It's hard to avoid being furious all of the time these days. Not just angry, no; furious. There's absolutely nothing that's fair about this. I learned long ago that life isn't fair; that many times, good things happen to people who really don't deserve them while awful things happen to good people. It's just the way things are in a fallen world. But that knowledge doesn't make this situation any less painful. And it doesn't make the platitudes that are often shared with me any less bitter. I confess than when someone reminds me that God loves me and Logan and our family, I often think yeah, right, easy for you to say that. You haven't spent the better part of the past year watching your child suffer. You haven't felt this kind of pain, heartbreak, disappointment, exhaustion. It's not that I'm unteachable; I've thought on that subject many, many times in recent months, wondering if I am merely unreachable. No, it's merely that it's hard for me to accept statements like those from anyone who hasn't been in my shoes. And yes, I do know that it's unfair of me. But it's the way I feel, and I vowed long ago that I'd be honest here. So there it is.
I feel like I've been running a race for the past 10 months. Not a physical, feet-pounding-the-pavement kind of race, of course --goodness knows I can't run a quarter of a mile these days--, but an emotional race, a race of mental endurance. Unlike an actual race, the finish line isn't visible, and it's maddening to wonder if we're close or still miles and miles away. I can't just radio ahead to my spotter to find out where I am on the course. Heck, I don't even know what the course looks like.

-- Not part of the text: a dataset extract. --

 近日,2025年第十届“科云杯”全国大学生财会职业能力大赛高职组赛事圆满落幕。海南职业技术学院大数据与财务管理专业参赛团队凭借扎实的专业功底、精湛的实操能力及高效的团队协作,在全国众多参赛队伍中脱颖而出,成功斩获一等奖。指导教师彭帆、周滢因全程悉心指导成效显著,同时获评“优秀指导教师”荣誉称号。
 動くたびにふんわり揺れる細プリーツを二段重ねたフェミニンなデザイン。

Nope, I have to keep running even though my heart aches and my body is utterly exhausted. There's not really much of a point to that observation; I suppose it's just me trying to explain how I feel in more relatable terms.
Anyway, all of that aside, Logan is still at CHO. And I still don't know when he'll be home. We're waiting on him to be able to hold down his oral medications. He did okay with them today while I was there. He's still throwing up blood, but apparently that's not something that will hold him, as his counts have remained stable and they aren't worried over its source.

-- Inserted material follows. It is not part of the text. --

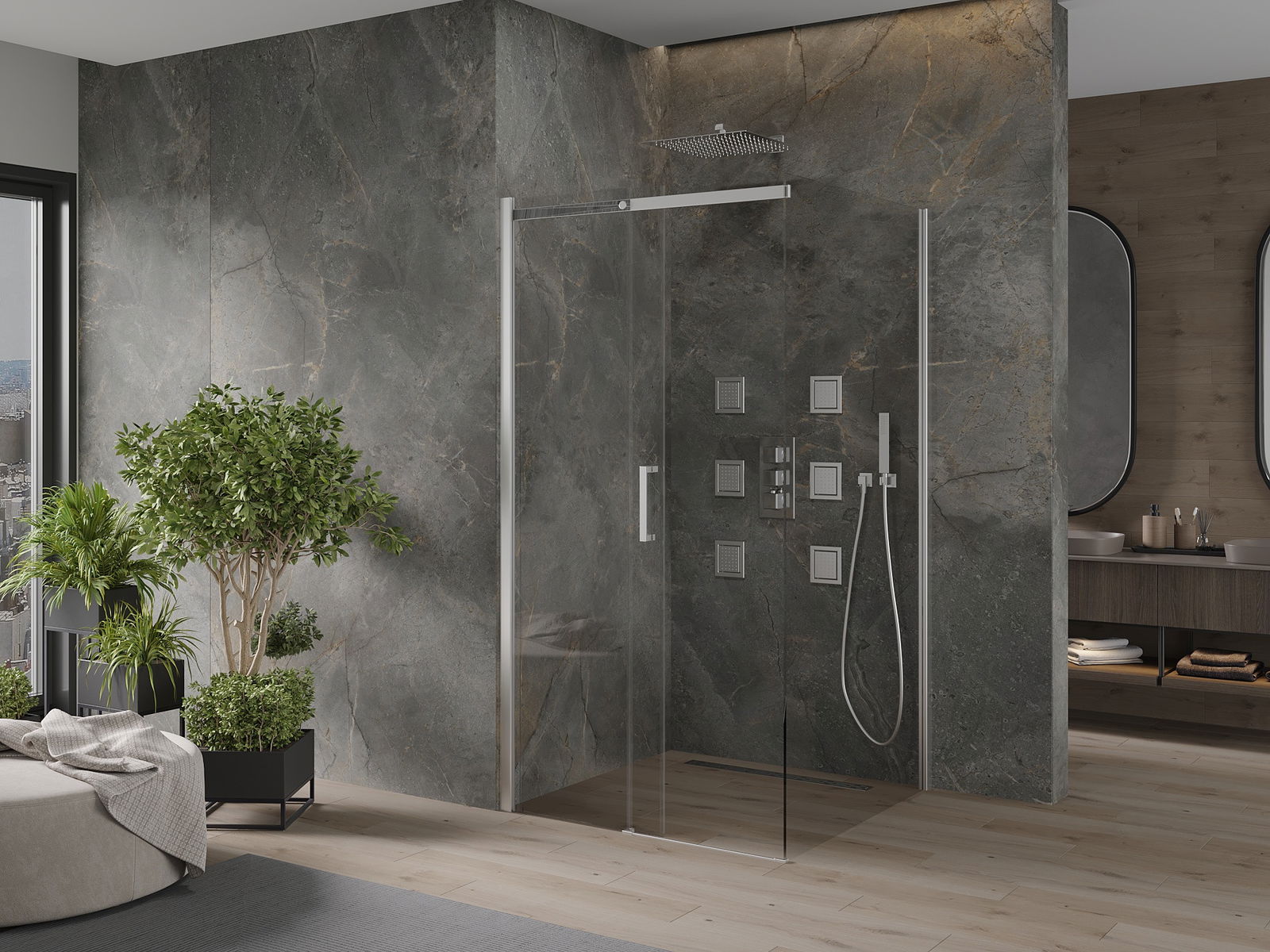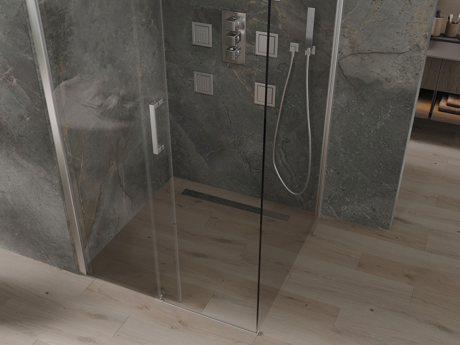 Плъзгащите се врати се движат около специални водачи и не изискват допълнително място, за да ги отворят, така че те ще работят в по -малки бани. Благодарение на двойните ролки с метално тяло, тяхното движение е течно.

I'm never sure who reads this and who doesn't, so I'll ask that you please pray and ask fellow followers who don't always read to do so as well. We need energy to cope. I'm empty. We desperately need healing for Logan. We need a clear MRI. It's not really a 'We'd like this' kind of request at this point; no, we need it. We need normalcy, we need a return to our life. We need to have our family together, we need to not be at CHO every single day. The strain is really becoming too much. We need hope, faith, patience. I need to feel like our plight hasn't been forgotten, as school gets out and vacations begin. I need to know that we're being remembered, that Logan is still remembered. Because we're stuck where we are for the forseeable future. There won't be any vacations, no trips home, not much of anything for us this summer. And it stinks. Thank you for being part of Logan's team.